И взглянула прямо в глаза. В темных зрачках дрожало, отражаясь, пламя жаровен. В красноватом полумраке изрезанное глубокими складками лицо казалось совсем черным.
Тепло шло от жаровен.
И тепло шло от кожи находившегося совсем рядом шамана. Нужно просто выбросить все мысли, что кружат над нею. Сейчас не их время.
Выбросить мысли, а чувства оставить. Давным-давно, когда брат приводил ее в шатер старика Аситы, в ее родном кочевье, она старалась не чувствовать происходящее. Так было проще. Сейчас это не нужно. Накато точно знала – сейчас не будет плохо.
Она сама не могла бы сказать, откуда такая уверенность.
Мысленно усмехнулась сама себе – ведь хотела же ни о чем не думать!
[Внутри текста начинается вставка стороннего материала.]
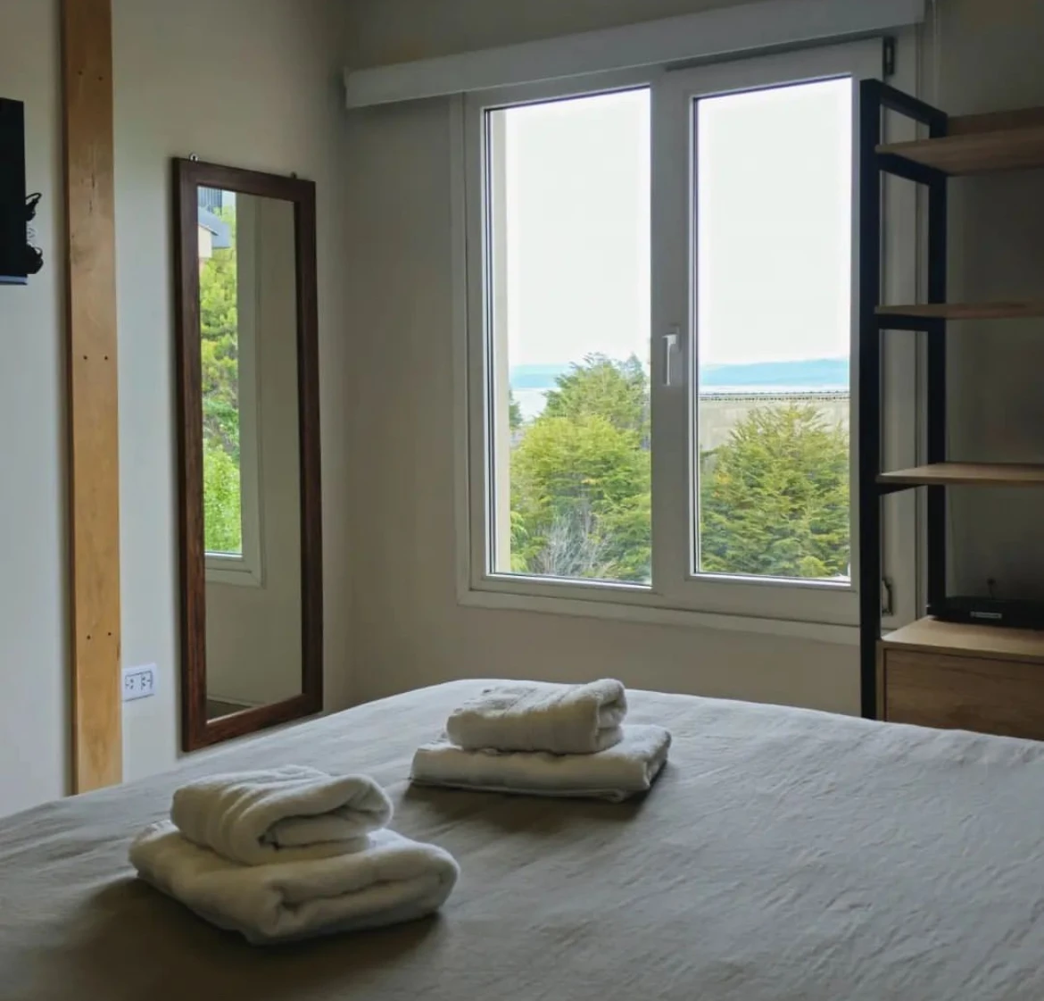 Amenities & Servicios: Acceso por ascensores, vista a la bahia de Ushuaia, completamente amoblados, Wi-Fi sin cargo en todo el establecimiento,, TV, Calefacción individual por departamento, Platos y cubiertos utensilios de cocina y juego de ollas, Secador de pelo, Ropa Blanca – recambio de ropa blanca (opcional).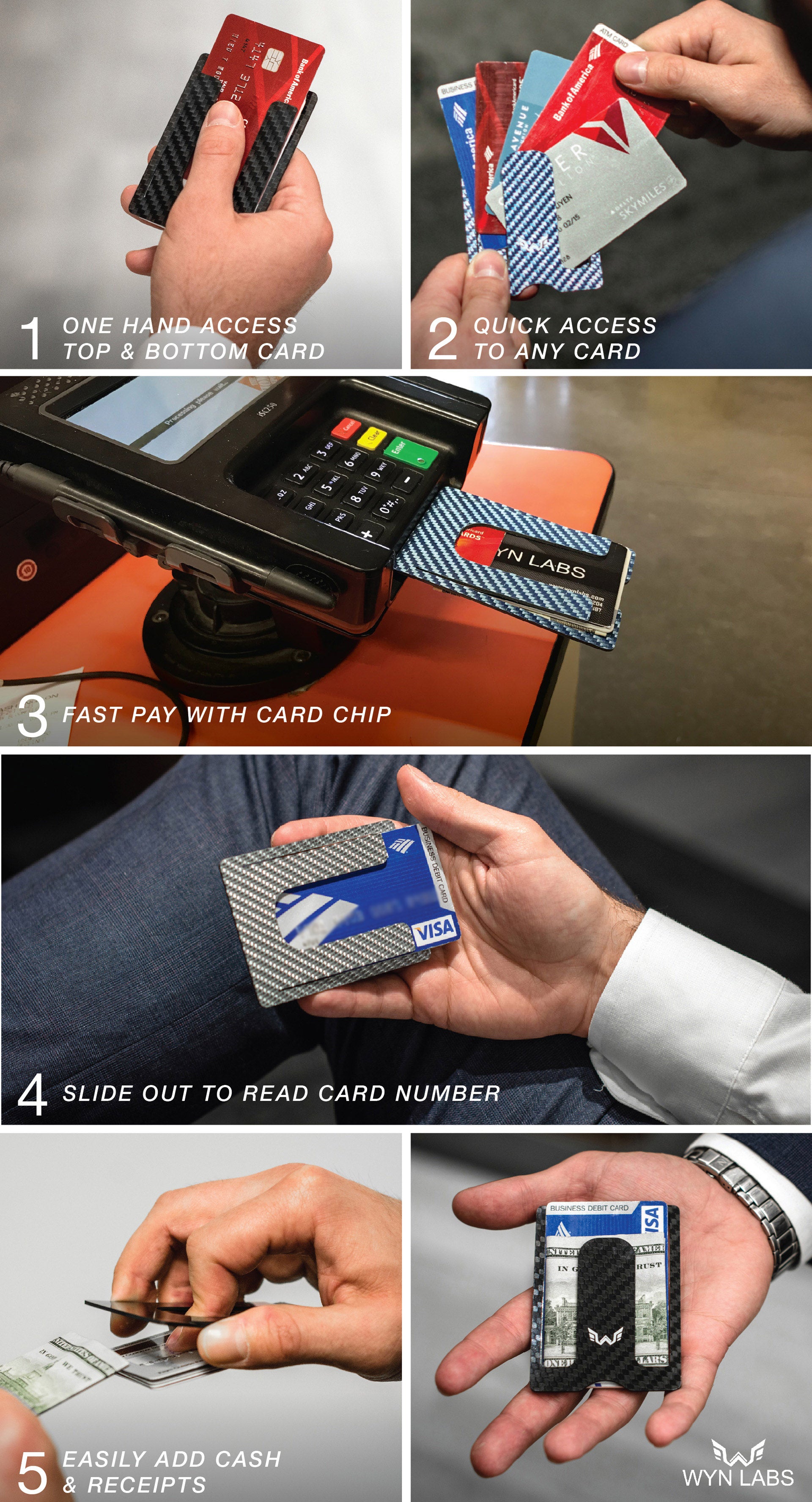 WYN has all the functionality of a full size wallet such as holding cash and receipts. It also offers the added benefits of easy access to your most used cards, fast payments with card chips and full card view for phone orders. All of this happens quickly and effortless with just one hand.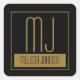 Pegatina Cuadrada Monograma inicial moderno negro y oro

Уж тем паче – не вспоминать о прошлом.
А потом мир перед внутренним взором разлетелся бесчисленными яркими искрами. От круживших мыслей не осталось и клочков. Исчезло все. Теперь существовало только тепло, переходящее в жар, и кожа, скользящая по коже.
Предчувствие не обмануло ее. Плохо не было. Было хорошо.
*** ***
Накато вольготно вытянулась на покрывалах. Голова лежала на твердом плече шамана. В душе царило умиротворение, тело окутывала истома.
Думать ни о чем не хотелось. В сон, правда, тоже пока что не тянуло. Она, слегка улыбаясь, водила пальцем по темной груди с выпуклыми мышцами.
- А из какого ты кочевья? – неожиданно спросил он, перехватывая ее руку.
- Что? – Накато подняла голову, взглянула растерянно в лицо.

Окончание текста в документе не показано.